20 free credits on signup — no card needed
About this Document
What a quality assurance plan is
A quality assurance plan is the document that sets out, in advance, how an organisation will make sure its work meets a defined standard — every time, not by luck. It names the standards the work will be held to, the processes and checkpoints that keep the work on track, the measurements that prove quality is being achieved, the people accountable for each part, and the way problems are caught and fixed before they reach the customer. It is a prevention document: its job is to build quality in, rather than inspect defects out at the end.
Unlike a one-off test plan, a QA plan is broad and durable. It governs a product line, a department, a service, or a whole programme of work, and it stays in force across many individual jobs. A good QA plan turns "we care about quality" into something concrete and repeatable: anyone can read it and know exactly what good looks like, how it is checked, and who answers for it.
A strong plan does three things at once. It makes the standard explicit so expectations are shared rather than assumed. It makes quality measurable so progress is visible and arguments are settled with data. And it makes quality owned so that when something slips, it is clear who acts and how.
QA versus QC — a distinction that matters
People use "QA" and "QC" interchangeably, but they are different jobs and confusing them weakens both.
Quality assurance (QA) is process-focused and proactive. It asks, "Are we working in a way that will reliably produce good results?" QA designs the workflow, writes the standards, trains the people, and audits whether the process is being followed. It happens throughout the work and aims to prevent defects from occurring in the first place.
Quality control (QC) is product-focused and reactive. It asks, "Did this specific item meet the standard?" QC inspects, tests, and measures the actual output — the part on the line, the document delivered, the meal plated — and rejects or reworks anything that fails. It happens to the finished or in-progress product and aims to detect defects that have already occurred.
A simple way to remember it: QA is building the recipe and the kitchen routine so the dish comes out right; QC is tasting the dish before it leaves the pass. Both are needed. QA without QC means you trust the process but never verify the output; QC without QA means you catch defects endlessly but never fix the cause.

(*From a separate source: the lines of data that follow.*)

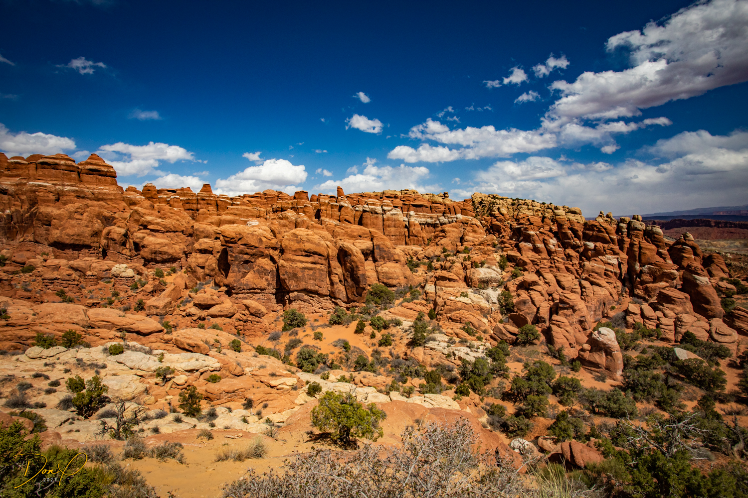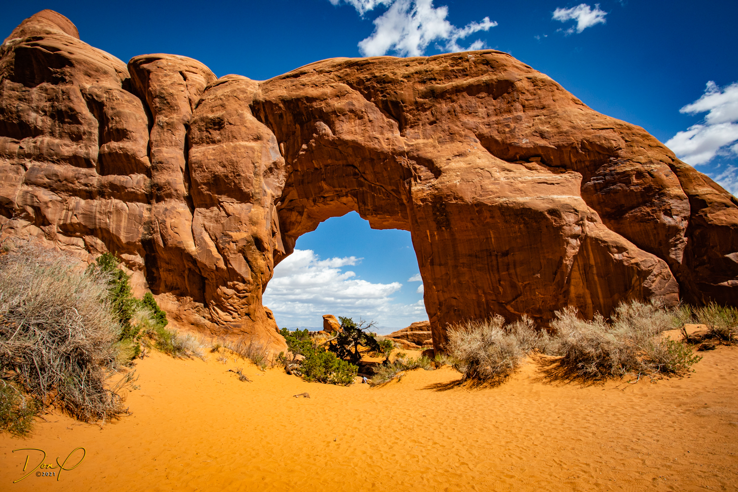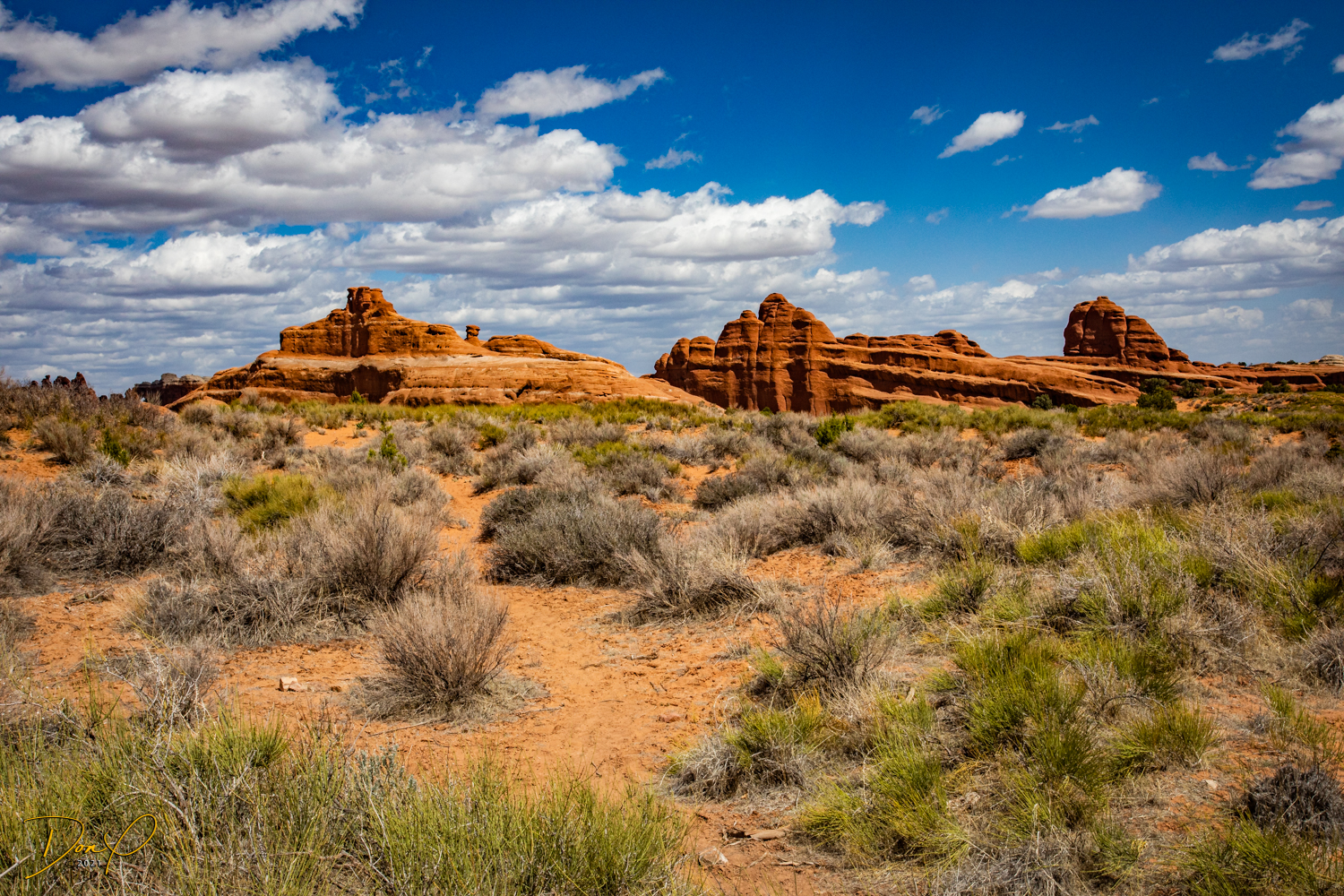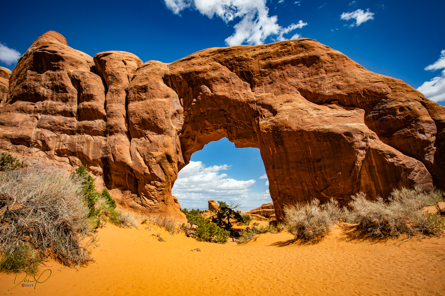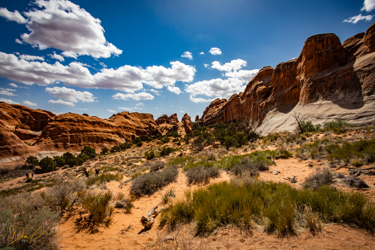 We drive The Beast of a RV back up into the park. The good thing is that I am getting much more comfortable driving it. We stop at a couple Arch Viewing sites and shoot some photos, but basically head for the far end of the Park. It was a wise choice as the crowds are building and we barely find room to park our beast. But we do and we head out on a short hike along Devil’s Garden Trail to see Pine Tree Arch, Tunnel Arch & Landscape Arch. The short hike turns a bit longer before we get to Landscape Arch. But it is worth it.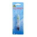 Precyzyjny termometr służy do pomiaru temperatury w akwarium. Zielone pole wskazuje optymalną temperaturę dla większości ryb natomiast żółte o niższych lub wyższych potrzebach termicznych.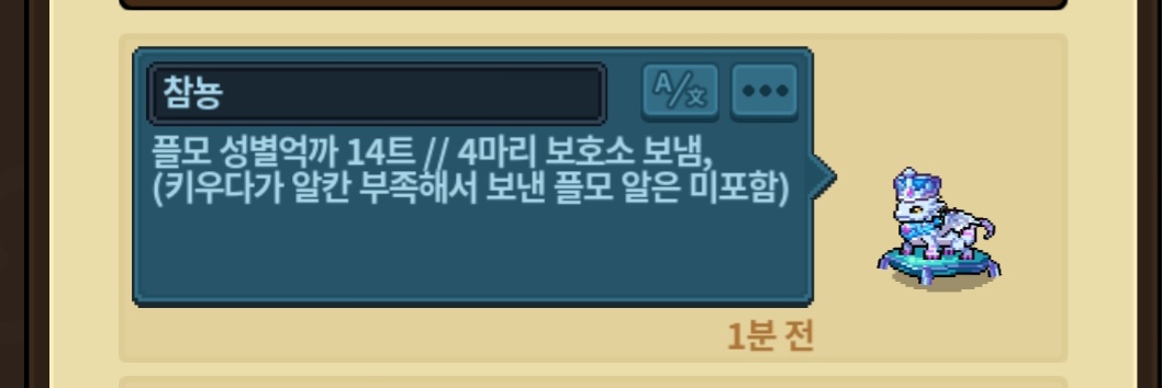 알칸 부족해서 보낸 플모 알들은 성별을 모르기 때문에 포함 안시켰답니다 :)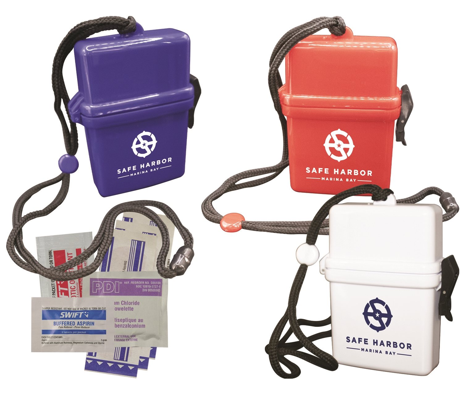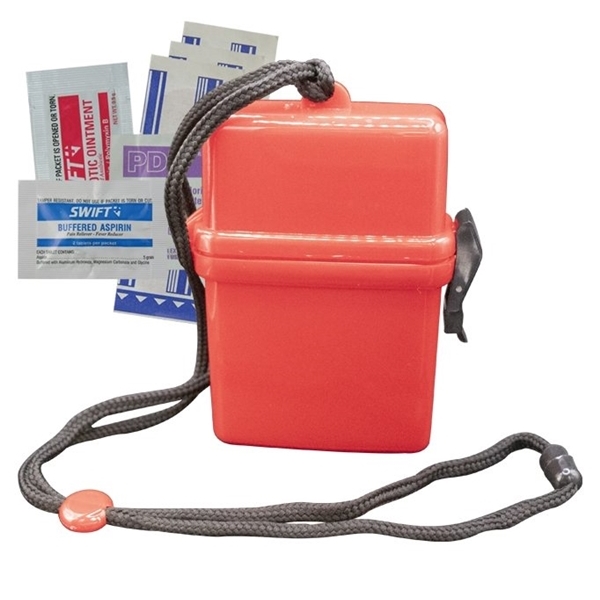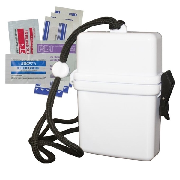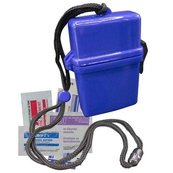 - Features an attached and adjustable, nylon strap; Safety lock lid provides waterproof protection; Contents include: 3 - ¾" x 3" Adhesive Bandages, 1 - Packet Triple- Antibiotic Ointment, 1 - Packet with Two, Buffered Aspirin, 1 - Antiseptic Wipe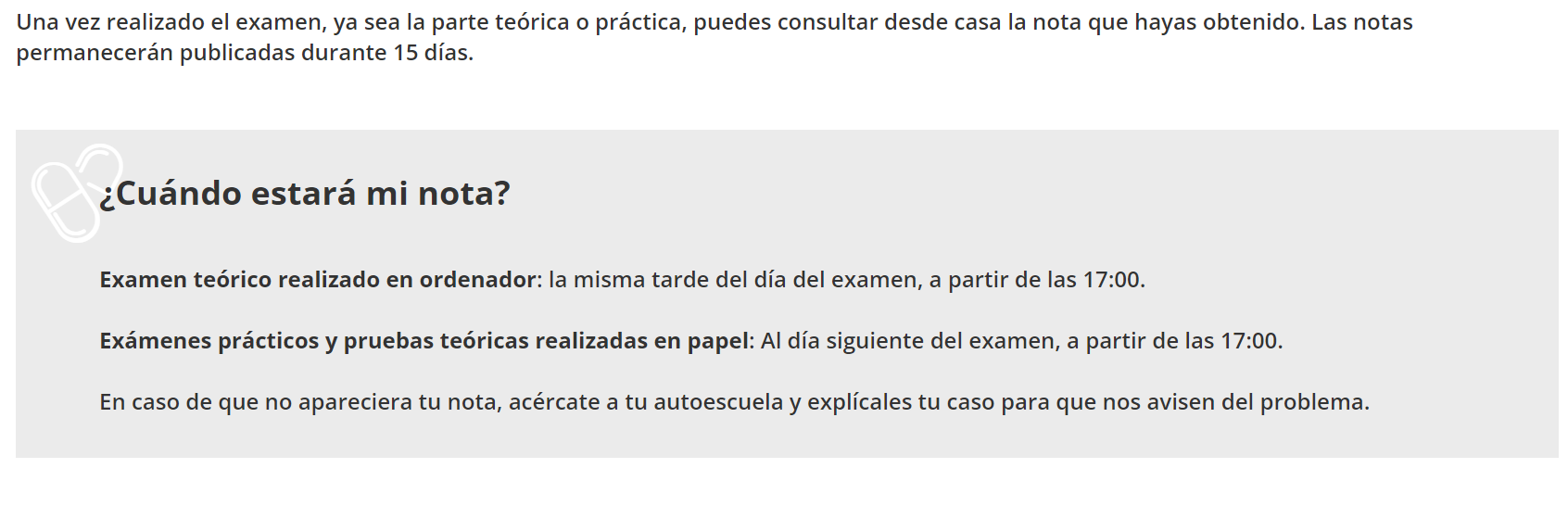 Algunas autoescuelas se encargan de realizar esta consulta para comunicar la nota a sus alumnos, pero todo dependerá del centro.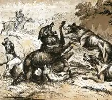 An Anglo-Saxon wolf hunt, as illustrated in The British wolf-hunters: A Tale of England in the Olden Time, an 1859 novel by Thomas Miller.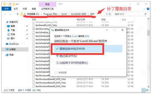 2.根据提示,退出直到软件安装完毕,打开解压包中的Crack文件夹,将破解后的补丁corelcad2020粘贴到corelcad2020安装目录的bin文件中进行替换。软件默认安装位置为:C: 程序文件 CorelCAD 2020 bin。

A complete QA plan describes both — the assurance activities that shape the process and the control activities that check the result — and is clear about which is which.
Quality standards and metrics
Quality only means something when it is measured against an agreed standard. Standards come from several places, and a plan should name the ones that apply:
- External standards — formal frameworks such as ISO 9001 for quality management systems, industry-specific norms, or regulatory requirements the work must legally satisfy.
- Customer requirements — the specifications, tolerances, and service levels promised to the people receiving the work.
- Internal standards — the organisation's own benchmarks, style guides, checklists, and acceptance criteria that define "good enough to ship".
Standards are made operational through acceptance criteria — the specific, checkable conditions a piece of work must meet to be accepted — and tracked through metrics. Useful quality metrics include:
- Defect rate — defects found per unit, per batch, or per release.
- First-pass yield — the percentage of output that meets the standard the first time, without rework.
- Rework / scrap rate — the share of work that has to be redone or discarded.
- Customer-reported issues — complaints, returns, or support tickets traced to quality failures.
- On-time, in-full delivery — whether the work arrived complete and on schedule.
- Audit findings — the number and severity of process non-conformances found during reviews.
The discipline is to choose a small set of metrics that genuinely reflect quality, set a target for each, and review them on a fixed cadence. A metric with no target is just trivia; a target no one reviews is just a wish.
Processes and checkpoints
The heart of a QA plan is the set of processes that produce the work and the checkpoints built into them where quality is verified before the work moves on. A checkpoint — sometimes called a quality gate, hold point, or stage gate — is a defined moment where work pauses, is checked against its acceptance criteria, and is only allowed to proceed if it passes.
Good checkpoints share a few traits. They sit at natural handoff points — between stages, before a costly step, or just before delivery — so a defect is caught before more effort is spent on top of it. Each one has a clear pass/fail rule rather than a subjective judgement. And each one names an owner who performs the check and has the authority to stop the work if it fails.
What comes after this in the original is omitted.